In 2017, the U.S. Food and Drug Administration (FDA) received 359 reports of non-Hodgkin’s lymphoma potentially caused by cosmetic saline and silicone breast implants. This rare form of cancer, known as anaplastic large cell lymphoma (ALCL), was responsible for numerous injuries and nine deaths in 2017.

The FDA first began investigating the possibility of ALCL linked to cosmetic breast implants in 2011 after growing suspicions of cancer-related occurrences. Although the medical community largely supports breast augmentation as a safe procedure with low health risks, injury lawyers suspected that women with cosmetic breast implants face a higher risk of developing ALCL compared to women without implants. In most cases, ALCL is found in fluid near the implant or in scar tissue, but it can spread throughout the body. Although specific data on risks and causes of ALCL remain inconclusive, most cases of non-Hodgkin’s lymphoma have been found in patients with textured-surface breast implants rather than implants with smooth surfaces. According to medical research, ALCL can take up to 10 years after original breast augmentation to develop. Many women are not aware of any problems until pain and swelling develop.

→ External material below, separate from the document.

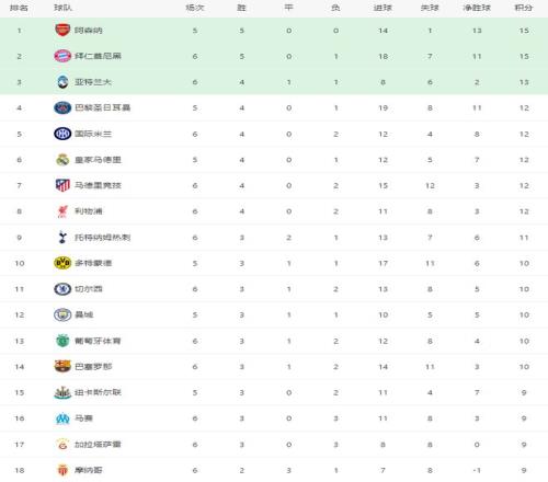 随着拜仁31,巴萨21,利物浦10绝杀国米,欧冠最新积分榜出炉

Since breast augmentation is the second most popular cosmetic procedure among women, after liposuction, the FDA is taking a close look at ALCL related to breast implants. The FDA regularly reviews and monitors medical device reports, reviews patient data on ALCL related to breast implants, and reviews manufacturers’ data on ALCL health risks. Since September 2018, the FDA has received 660 medical device reports related to ALCL and cosmetic breast implants. Typically, reports provide information regarding implants when an ALCL diagnosis is made, but do not provide information about a patient’s history of breast augmentation surgeries. In some cases, patients may have received more than one breast augmentation surgery or one or more replacement implants.

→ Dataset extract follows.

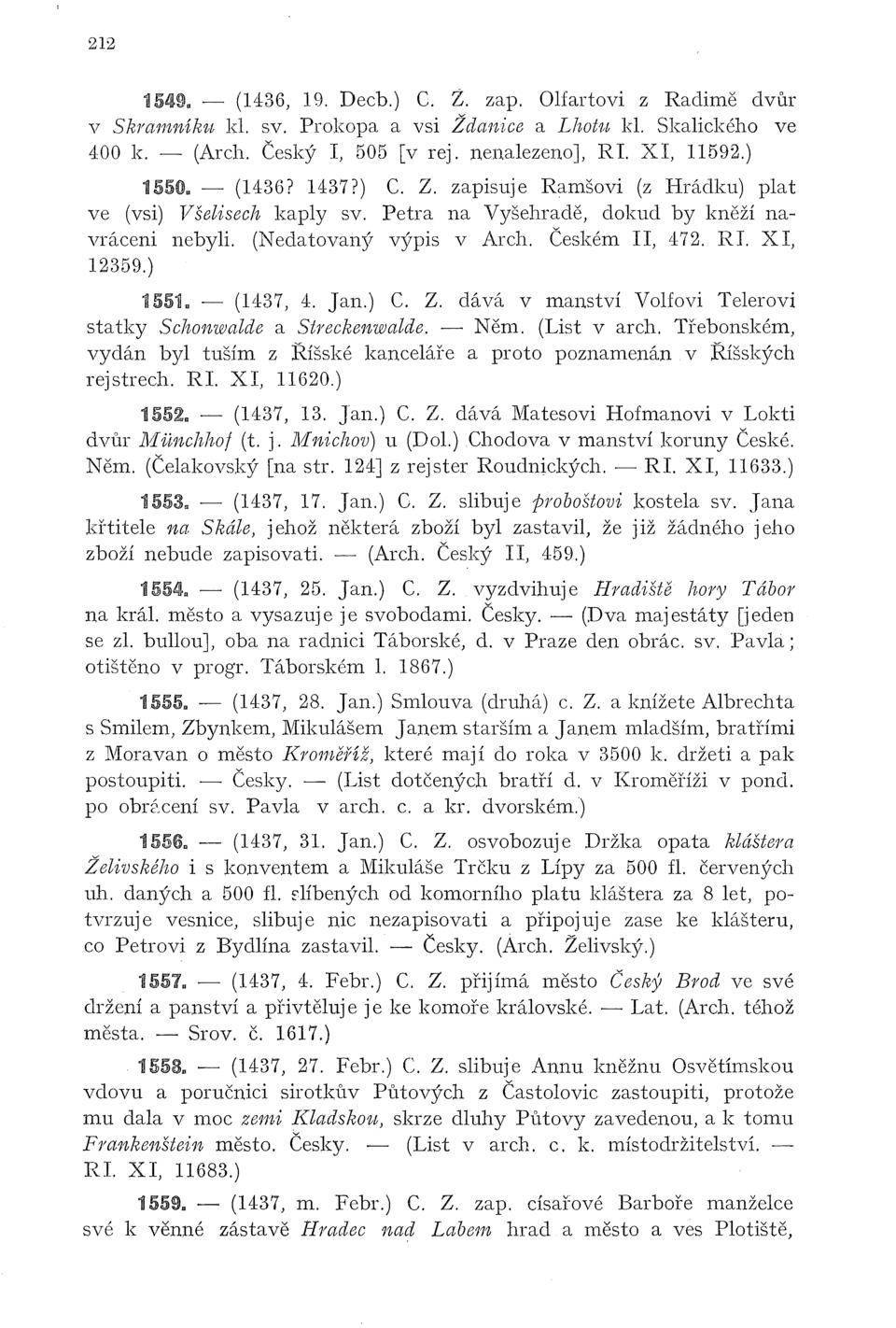 Zbytky register králův Římských a Českých 1361–1480 (Sedláček)

The FDA and the Plastic Surgery Foundation urge all physicians to report cases of ALCL related to cosmetic breast implants. Prior to implantation, physicians should provide all patients with the breast implant manufacturer’s labeling, as well as educational materials that explain the risks and benefits of both textured and smooth-surface implants. Breast augmentation patients are urged to get regular mammograms and report any leakage or changes in the size and shape of implants right away.